Stacks are similar, except our push implementation just needs to add to the front, rather than the back. So we’d have

push <- function(x) {
  new <- append(x, give()) # <-- note the order change
  assign("values", value = new, envir = env)
}

instead.

Deques

With a deque, we want to be able to push to either the front or the back, and also pop from both sides.

The implementation is straight forward, but just invovles a few more functions:

deque <- function(values) {
  
  env <- new.env()
  assign("values", value = values)
  
  give <- function() {
    get("values", env)
  }
  
  pop_front <- function(n = 1) {
    values <- give()
    output <- head(values, n)
    assign("values", value = tail(values, -n), envir = env)
    output
  }
  
  pop_back <- function(n = 1) {
    values <- give()
    output <- tail(values, n)
    assign("values", value = head(values, -n), envir = env)
    rev(output)
  }
  
  push_front <- function(x) {
    new <- append(x, give())
    assign("values", value = new, envir = env)
  }
  
  push_back <- function(x) {
    new <- append(give(), x)
    assign("values", value = new, envir = env)
  }
  
  len <- function() {
    length(give())
  }

  output <- list(
    get = give,
    pop_front = pop_front,
    pop_back = pop_back,
    push_front = push_front,
    push_back = push_back,
    len = len
  )
  class(output) <- "deque"
  output
}

print.deque <- function(d) {
  print(d$get())
}

And here I’ve implemented this as an S3 class, so we can make a nice looking print representation (and could be a neater way to implement length, i.e. as length(my_deque) rather than my_deque$len).

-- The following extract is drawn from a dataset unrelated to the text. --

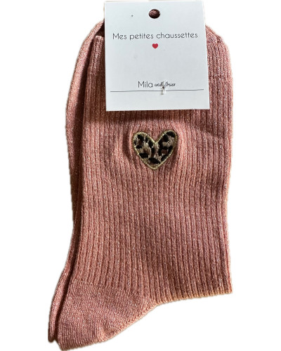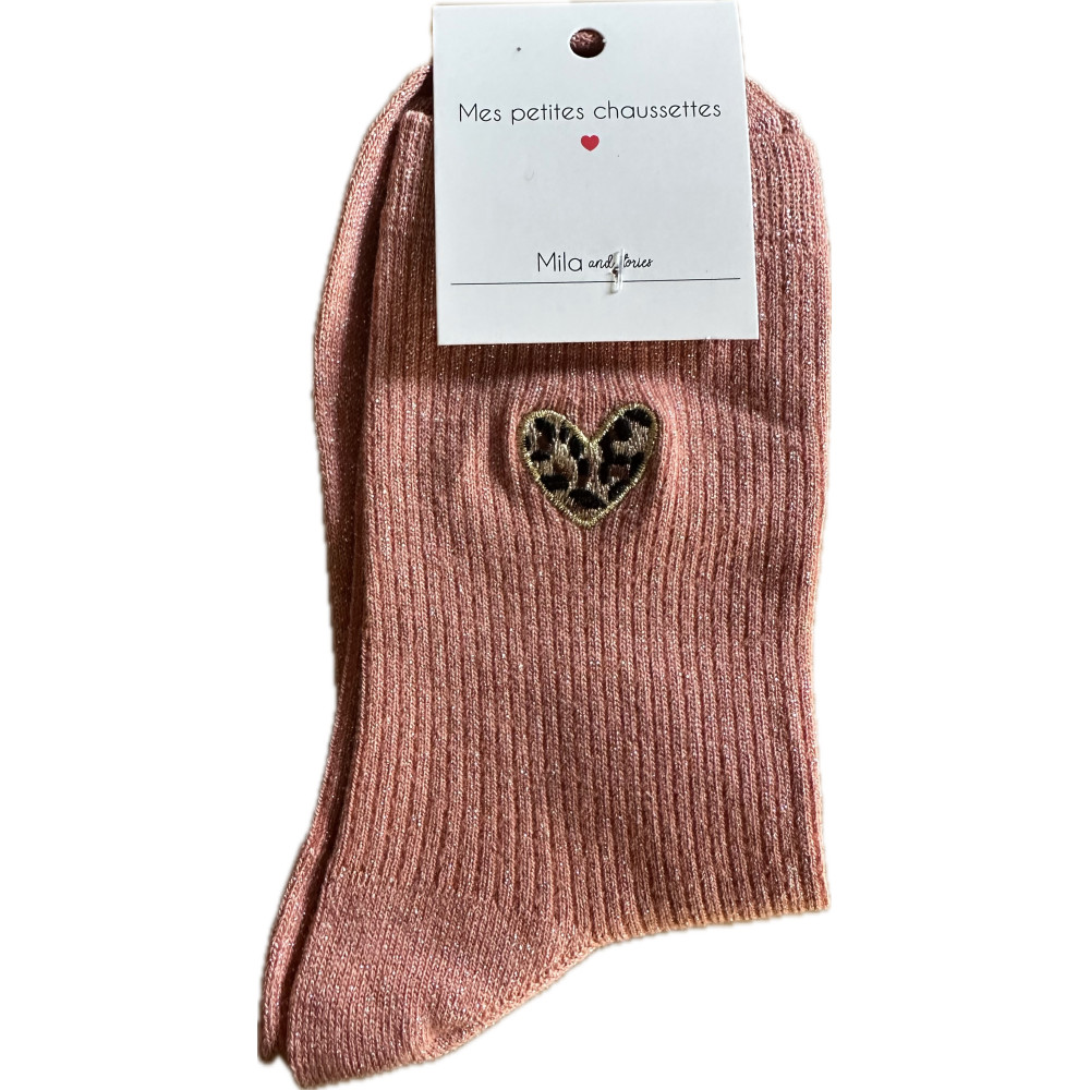 Milë Mila - Chaussettes à paillettes coeur léopard - Rose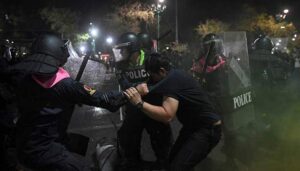 அப்போது போராட்டக்காரர்கள் அரண்மனை வளாகத்துக்குள் நுழைந்து விடாத வண்ணம் போலீசார் தடுப்புகளை ஏற்படுத்தி வைத்திருந்தனர். ஆனால் போராட்டக்காரர்கள் அந்த தடுப்புகளை தாண்டி செல்ல முற்பட்டதால் அவர்களுக்கும் போலீசாருக்கும் இடையே தள்ளுமுள்ளு ஏற்பட்டது. பின்னர் இது மோதலாக வெடித்தது. போராட்டக்காரர்கள் போலீசார் மீது கண்ணாடி பாட்டில்கள் கற்கள் மற்றும் வெடிபொருட்களை வீசி எறிந்து தாக்கினர்.

my_deque <- deque(letters[1:5])
my_deque
## [1] "a" "b" "c" "d" "e"

Push “Z” to the front, then “F” to the back:

my_deque$push_front("Z")
my_deque$push_back("F")
my_deque
## [1] "Z" "a" "b" "c" "d" "e" "F"

Then we can pop two off the front, and one off the back:

my_deque$pop_front(n = 2)
## [1] "Z" "a"
my_deque$pop_back(n = 1)
## [1] "F"

Giving us

my_deque$len()
## [1] 4

Four items left, which are:

my_deque
## [1] "b" "c" "d" "e"

Conclusion

By using R’s function environments, it doesn’t take a huge amount of code to implement these data structures.

I’m not sure how performant they are: you’d likely get a better result if you were to use something like Rcpp or Rextendr to ‘borrow’ C++ or Rust implementations of these data structures, but where’s the fun in that?

Likewise, the pattern of environments and functions that return list of functions that act on those environments (like the counter example) is one way to set up some form of encapsulated state. This could be useful in, e.g. an agent based model or similar simulations.